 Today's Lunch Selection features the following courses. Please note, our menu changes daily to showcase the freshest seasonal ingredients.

--

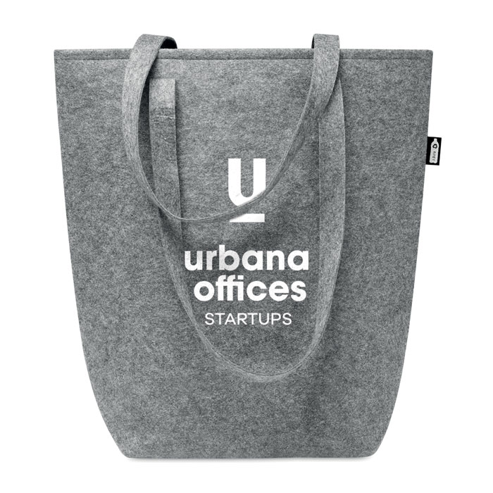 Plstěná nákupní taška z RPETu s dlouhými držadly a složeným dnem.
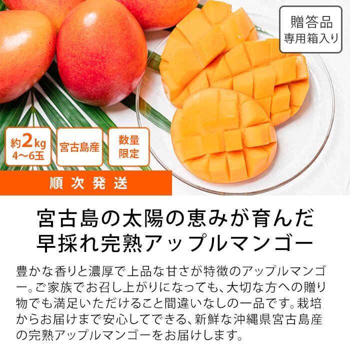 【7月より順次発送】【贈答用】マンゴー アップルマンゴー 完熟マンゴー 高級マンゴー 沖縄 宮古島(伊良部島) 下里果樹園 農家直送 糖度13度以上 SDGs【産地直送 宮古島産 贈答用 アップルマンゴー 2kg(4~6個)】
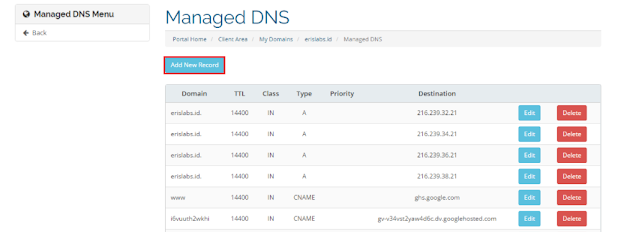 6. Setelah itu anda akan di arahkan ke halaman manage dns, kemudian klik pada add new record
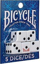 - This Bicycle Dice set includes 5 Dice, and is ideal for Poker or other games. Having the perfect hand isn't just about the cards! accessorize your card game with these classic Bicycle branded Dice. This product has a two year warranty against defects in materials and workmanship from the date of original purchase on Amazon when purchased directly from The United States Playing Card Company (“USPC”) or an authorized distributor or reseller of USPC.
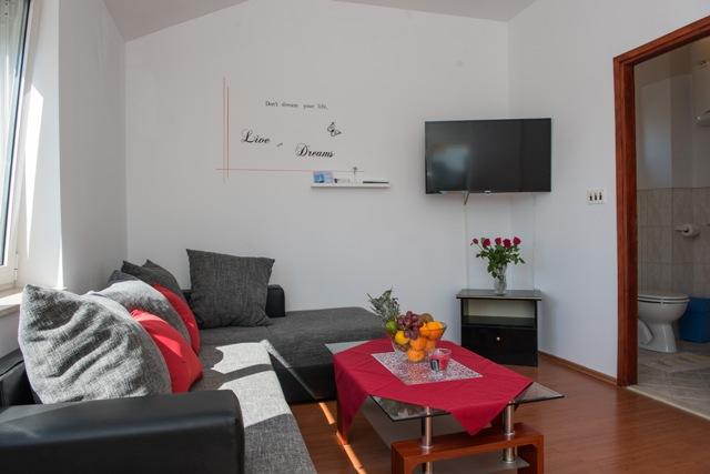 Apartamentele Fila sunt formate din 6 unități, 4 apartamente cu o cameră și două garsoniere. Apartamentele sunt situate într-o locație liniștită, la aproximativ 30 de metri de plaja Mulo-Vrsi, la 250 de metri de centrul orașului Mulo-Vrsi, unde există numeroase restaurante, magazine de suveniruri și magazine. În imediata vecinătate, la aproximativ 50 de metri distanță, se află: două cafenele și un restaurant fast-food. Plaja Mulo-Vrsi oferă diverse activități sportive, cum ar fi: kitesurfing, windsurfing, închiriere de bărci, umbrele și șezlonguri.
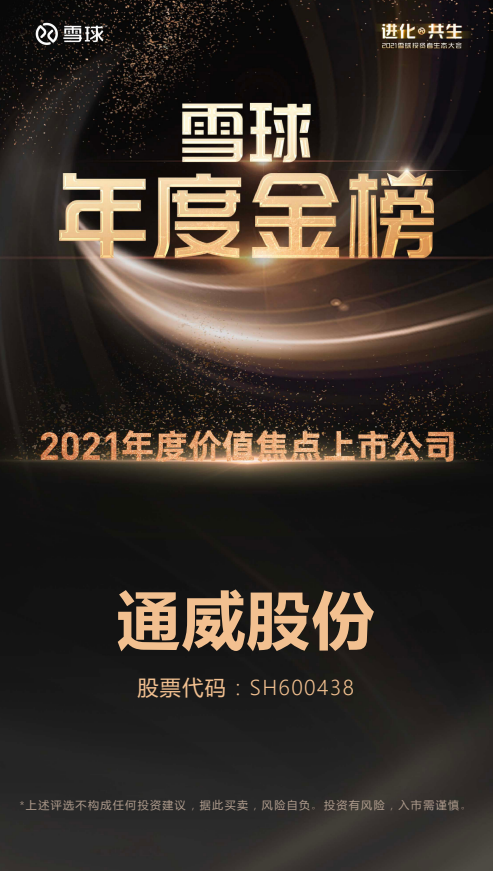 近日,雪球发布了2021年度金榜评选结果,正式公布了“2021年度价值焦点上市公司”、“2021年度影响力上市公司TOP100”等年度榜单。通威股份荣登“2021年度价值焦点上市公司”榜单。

▶ WORK INSTRUCTION
Write out exactly the run of lines above that starts at the line containing "贈答用 アップルマンゴー 2kg(4~6個)】" and ends at the line containing "6. Setelah itu". Include both, and leave the pictures out.

▶ ANSWER SPACE
 【7月より順次発送】【贈答用】マンゴー アップルマンゴー 完熟マンゴー 高級マンゴー 沖縄 宮古島(伊良部島) 下里果樹園 農家直送 糖度13度以上 SDGs【産地直送 宮古島産 贈答用 アップルマンゴー 2kg(4~6個)】
 6. Setelah itu anda akan di arahkan ke halaman manage dns, kemudian klik pada add new record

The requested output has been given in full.